# Frage wegen Lüfteranschlüssen



## Craftingphil (20. April 2017)

*Frage wegen Lüfteranschlüssen*

Hey Leute!

Stecke gerade in einem kleinen Dilemma. Und zwar möchte ich von meinem i5-3350P auf einen Ryzen 5 1500X umsteigen (Zahlt sich denke ich aus ). Nun benötige ich dafür ein neues Mainboard.
Das welches ich im Auge hätte wäre dieses: ASUS Prime A320M-K Preisvergleich | Geizhals Österreich
Das Problem: Das MB hätte nur 1  4-Pin Lüfteranschluss, ich habe jedoch im Moment 3 Gehäuselüfter.
Könnte ich einfach 2 Y-Kabel an den Anschluss dranhängen? Wäre das mit der Stromversorgung machbar? Es sind leider 2 mal der selbe und ein anderer Lüfter, das wird ein Problem bei der Geschwindigkeit werden nehme ich an?
Oder wäre es einfach sinnvoller eine Lüftersteuerung zu kaufen, welche die Lüfter automatisch regelt? 

Falls es auf eine Y-Kabel Lösung rausläuft, würde ich mir unter Umständen 3 mal die selben Lüfter kaufen (Be Quiet! 120 mm shadow oder dark wings).

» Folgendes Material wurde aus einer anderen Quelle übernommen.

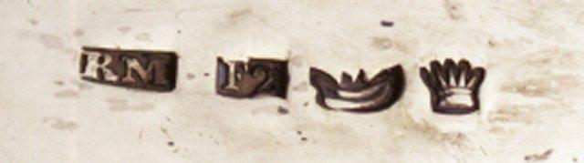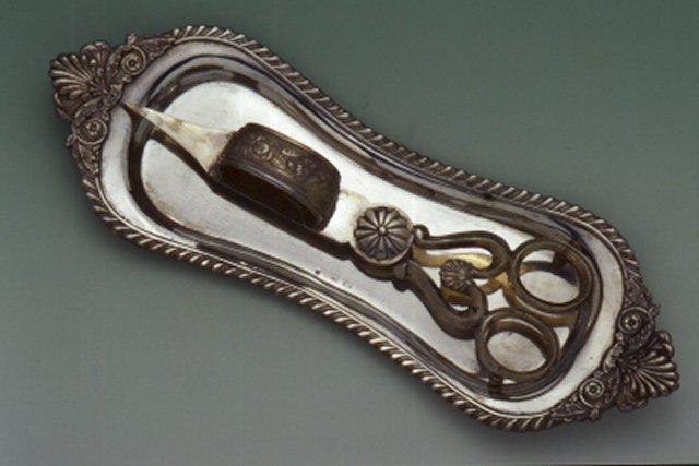 Tarjotin, pitkä, kapea, sivut keskeltä sisäänpäin kaartuvat, reunaa kiertää nyörinauha, päissä palmetti- ja akantuslehti. Saksien pesä puolipyöreä, sen päällä koristenauha, jossa viivoitetulla pohjalla ruusunoksia. Saksien varret koristettu palmeteilla.
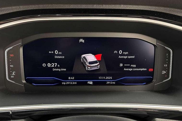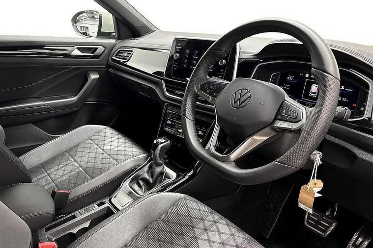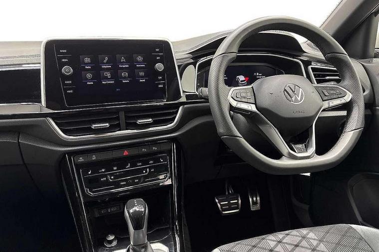 10.25" Digital cockpit pro, Advanced driver attention and drowsiness monitor, Emergency call service, Lane keeping system Lane Assist, Mobile phone interface, Modified key software - reduce switch off time for key status change to Long no motion, Online services, Park assist including front and rear parking sensors, Service interval indicator, Tailgate/trunk lid release from outside, Think blue trainer driver tips and journey analysis, Warning sound and light for front seatbelts unfastened, Wireless app connect, Battery regeneration during braking, Start/stop function with battery regeneration, DAB Digital radio, Diversity antenna for FM reception, Front and rear 6 speakers, Music playback - MP3, WMA and AAC files, Premium USB cable in choice of either Apple or Android smartphone compatibility, SD card slot, Simultaneous pairing of 2 compatible mobile devices, Title and cover art display, We Connect and We Connect Plus functionality, Auto dimming interior rear view mirror, Automatic hazard lights activation under emergency braking, Automatic headlight control with LED separate daytime running lights with coming/leaving home function, Body coloured exterior mirror housings and door handles, Electrically adjustable and heated door mirrors, Extended roof spoiler, Exterior mirrors aspherical on driver side, convex on front passenger side, External USB type C socket and charging sockets, Front windscreen wiper with intermittent wipe and 4 position delay, Heated rear window, LED 3rd brake light, LED rear combination lamps, LED rear number plate lights, Power windows with comfort operation and circuit breaker, Privacy glass for rear side windows and rear window, R-Line design body coloured bumpers, Rain sensor, Rear exhaust tailpipe, Rear fog light on one side and reversing lights on both sides, Rear side wing doors, Rear wash/wipe with intermittent wipe setting, Remote electrically foldable door mirrors, puddle lights and reverse activated passenger's door mirror, 12V power socket in centre console, 3 rear head restraints, 3 seat bench in 2nd row, 4 load lashing points in luggage compartment, Air care climatronic air conditoning system with active combination filter and 2-zone temperature control, Black roof lining, Chrome plated decorative trims, Chrome plated radiator grille inserts, air vent surrounds and light switch surrounds, Door and side trim panel with leatherette insert, Front + rear carpet mats, Front centre armrest, Front cupholders x 2, Front footwell illumination, Front reading light, Front scuff plates with R Line logo, Front seat back storage pockets, Glove compartment door with light, Instrument lighting, white adjustable panel illumination, Interior ambient lighting and surround lighting, Interior light delay, Isofix child seat preparation, Leather gearshift handle, Load-through provision with cup holder when folded down ('Unsplit rear seat bench, split folding backrest, with centre armrest), Luggage compartment lighting, Single front passenger seat, Stainless steel pedals, Storage compartment in left and right luggage area, Storage compartment in rear doors, Storage compartments in driver and front passenger doors, Sunvisors with illuminated vanity mirrors, Variable boot floor, height adjustable and removable, Driver assistance pack without proactive passenger protection - T-Roc, 3 point height adj front seatbelts + pretensioners, 3 point seatbelts in outer rear with ECE label, ABS, Child locks on rear doors, City emergency braking and pedestrian monitoring, Driver and front passenger airbag with front passenger airbag deactivation, Driver and front passenger safety-optimised head restraints, Drivers seatbelt reminder, Electronic parking brake, Electronic Stability Control (ESC) inc EDL (Electronic Differential Lock) and ASR (Traction Control), Front and rear passengers curtain airbag system including front side airbags, Hill start assist, Predictive pedestrian protection, Rear disc brakes, Two tone horn, Tyre pressure loss indicator, Volkswagen roadside assistance, Piano black decorative inserts in dashboard and front door trim panels, Trims for alloy wheels,
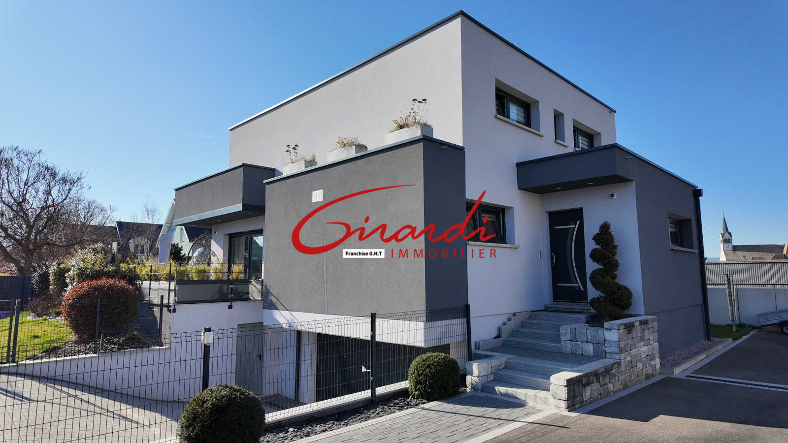 Secteur Soultz, découvrez cette villa d’architecte à toit plat de 192 m² sur 4,96 ares de terrain clos et paysagé, alliant design contemporain et prestations haut de gamme
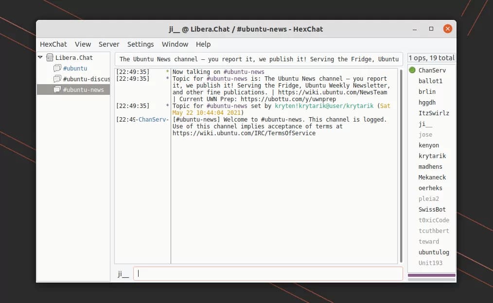 HexChat es un cliente de IRC Open source y multiplataforma, disponible para Windows y Gnu Linux, que anteriormente se hacia llamar XChat-WDK, él cual surge de un fork del software XChat. Este programa nos ofrece una interfaz simple, personalizable, con la posibilidad de automatizarlo con Lua, Python o Perl, disponible en múltiples idiomas, funciones de reconectar, multi-red e identificador, así como un corrector ortográfico, proxies, soporte DCC y mucho más.

Was wäre die Sinnvollste Lösung eurer Meinung nach?


Vielen Dank


----------



## Thor76 (22. April 2017)

*AW: Frage wegen Lüfteranschlüssen*

Hast du dir schon überlegt ein anderes Mainboard zu nehmen? Dürfte günstiger sein als drei neue Lüfter. 

3 Lüfter an einem Anschluss dürfte gerade noch gehen. Man kann auch drei unterschiedliche Lüfter verwenden, die laufen dann aber nicht alle gleich. 

Sent via mobile device


----------



## Craftingphil (22. April 2017)

*AW: Frage wegen Lüfteranschlüssen*

Naja habe ja 2 mal den selben Lüfter, müsste also nur 1 extra kaufen, der kostet etwa 10 Euro. Die sache ist die, ich brauche ein AM4-Mainboard und da haben die meisten nur 1 oder 2 Lüfterpins, die mit 3 sind schon ziemlich teuer.
Also könnte ich einfach an einen Anschluss ein Y-Kabel mit 2 gleichen Lüftern dranhängen?


----------



## Körschgen (22. April 2017)

*AW: Frage wegen Lüfteranschlüssen*

Ein gutes Mainboard gibt es um 100 - 150 €.

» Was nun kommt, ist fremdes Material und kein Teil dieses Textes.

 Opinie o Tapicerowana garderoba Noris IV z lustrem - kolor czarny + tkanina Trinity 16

Was nützt dir der Ryzen auf so einem Krüppel Brett?

Billige Boards mit AMD CPUs haben in der Vergangenheit schon oft genug gezeigt, dass am falschen Ende gespart wurde...


----------



## TheRealNicolai (22. April 2017)

*AW: Frage wegen Lüfteranschlüssen*

Wuerde auch ein Board zwischen 100 - 150 Euro nehmen... Das letzte Board an dem ich gesparrt habe ist mir um die Ohren geflogen und hat meine CPU mitgenommen. Wollte zwar eh neu kaufen aber.,.. naja ^^ 
Aber generell ist es eigentlich kein Problem mehrere Luefter an einen Anschluss zu klemmen. Hat PCGH auch mal getestet.

1.000€-CPU-Kuhler mit 48 Mini-Luftern | PCGH in Gefahr - YouTube

also kann man 3 schon ruhig machen denke ich...
Aber meine Meinung: Siehe oben.


----------



## Craftingphil (22. April 2017)

*AW: Frage wegen Lüfteranschlüssen*

Hätte jetzt das MSI B350 Gaming Pro, mit 2 Lüfteranschlüssen um 80 Euro, denke das wäre besser oder? Will eigentlich nicht viel mehr ausgeben


----------



## Körschgen (22. April 2017)

*AW: Frage wegen Lüfteranschlüssen*

Die Boards sind mehr oder weniger frisch am Markt, noch kann man da gar nix zu sagen.

Da werden überall noch so viele Bios Updates mit Bug Fixes/compatibility Fixes raus gehauen, da muss man erst mal abwarten.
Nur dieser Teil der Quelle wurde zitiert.